Transport through a double quantum dot system with non-collinearly polarized leads

TL;DR

This paper analyzes electron transport in a double quantum dot system connected to spin-polarized leads, revealing how conductance peaks and tunneling magneto resistance depend on polarization angles, magnetic fields, and bias regimes.

Contribution

It provides an analytic study of linear and nonlinear transport, including conductance, spin accumulation, and TMR, with new insights into effects of non-collinear lead magnetizations and magnetic fields.

Findings

Conductance peaks vary with gate voltage and polarization angle.

Negative differential conductance appears in nonlinear regime for non-collinear magnetizations.

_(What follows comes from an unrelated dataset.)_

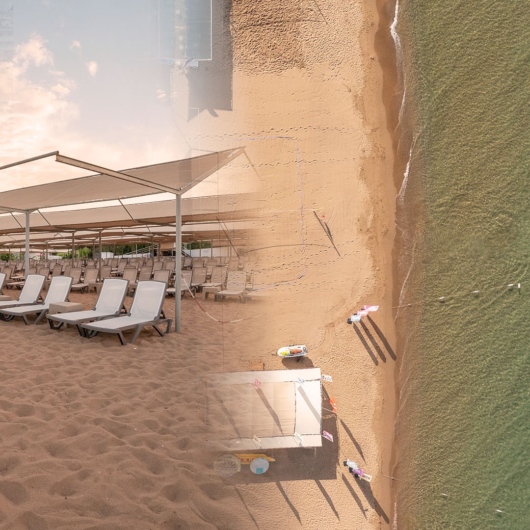 Собствен, на 500 м. от хотела, пясъчен. Безплатен шатъл до плажа (в определен часови диапазон). Чадъри, шезлонги и плажни кърпи на плажа и при басейна – безплатно.

TMR remains positive in sequential tunneling but can become negative with an added magnetic field.

Abstract

We investigate linear and non-linear transport in a double quantum dot system weakly coupled to spin-polarized leads. In the linear regime, the conductance as well as the non-equilibrium spin accumulation are evaluated in analytic form. The conductance as a function of the gate voltage exhibits four peaks of different height, with mirror symmetry with respect to the charge neutrality point. As the polarization angle is varied, the position and shape of the peaks changes in a characteristic way which preserves the electron-hole symmetry of the problem. In the nonlinear regime negative differential conductance features occur for non collinear magnetisations of the leads. In the considered sequential tunneling limit, the tunneling magneto resistance (TMR) is always positive with a characteristic gate voltage dependence for non-collinear magnetization. If a magnetic field is added to the system, the TMR can become negative.